The Road Accident Fund (RAF) said that the new approach would ensure that the fund continued to execute its constitutional mandate of administering claims through a streamlined and efficient process.

Road Accident Fund (RAF)CEO Collins Letsoalo. Picture: @RAF_SA/Twitter

CAPE TOWN - The Road Accident Fund (RAF) has shed some light on its new strategic objective of settling claims within 120 days and reducing the claims backlog.

This as the government agency embarks on its transformation journey.

The RAF issued a minimum requirements directive in March this year, informing plaintiff attorneys and claimants of the list of compulsory documents required as part of the lodgment process.

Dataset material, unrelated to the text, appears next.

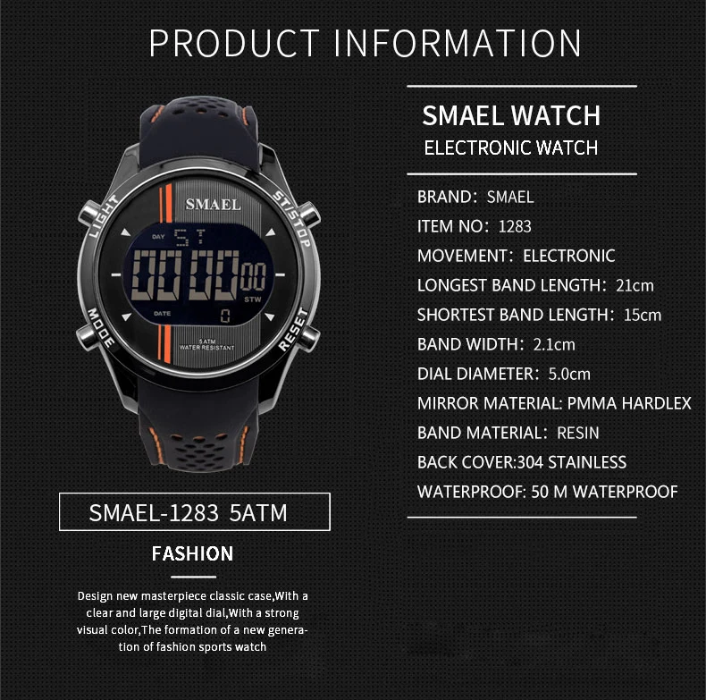 SMAEL спортивные часы мужские 50 м водонепроницаемые аналоговые СВЕТОДИОДНЫЕ Цифровые кварцевые мужские часы наружные наручные часы с хронографом 1283 relogio masculino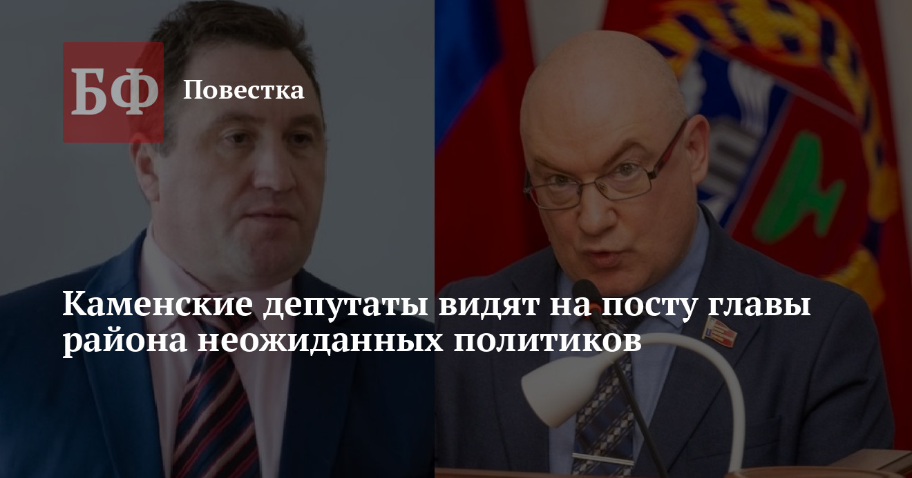 В связи с объявлением конкурса на должность главы Каменского района от заинтересованных депутатов, предположительно, стали звучать имена политиков, которых они хотели бы видеть на посту руководителя. По информации источника ИА «Банкфакс», некоторые мундепы, к примеру, могли обсуждать кандидатуру бывшего вице-губернатора Алтайского края Андрея Щукина, который в последние годы обосновался в соседней Новосибирской области. Другие же члены районного Собрания в качестве возможного главы предпочли бы видеть депутата краевого Заксобрания, лидера партии «Коммунисты России» Сергея Малинковича.

It said that the new approach would ensure that the fund continued to execute its constitutional mandate of administering claims through a streamlined and efficient process.

CEO Collins Letsoalo said that the RAF had experienced a number of serious challenges over the years.

"Which included a highly litigious and ineffective operating model, an unsustainable funding model and an inadequate legislative framework for sustainability and compounded by a lot of motor vehicle accident rates."

Letsoalo said that the best way to deal with this problem was to try and reduce the accident rate in the country.

"But it has not been easy for the state given the road safety record of South Africa. As a consequence, the claims have to wait an average of 1,475 days for that claim to be settled. Further, the funds spent are a significant amount of the fuel levy and high administrative cost."

Letsoalo said that the RAF collected R43 billion in fuel levies every year.

"R17 billion is spent on administrative costs and R10.6 billion of that goes to legal fees. I must emphasise here that between R6 billion and R7 billion of that amount is spent on plaintiff attorneys, which means that these are claimants' costs."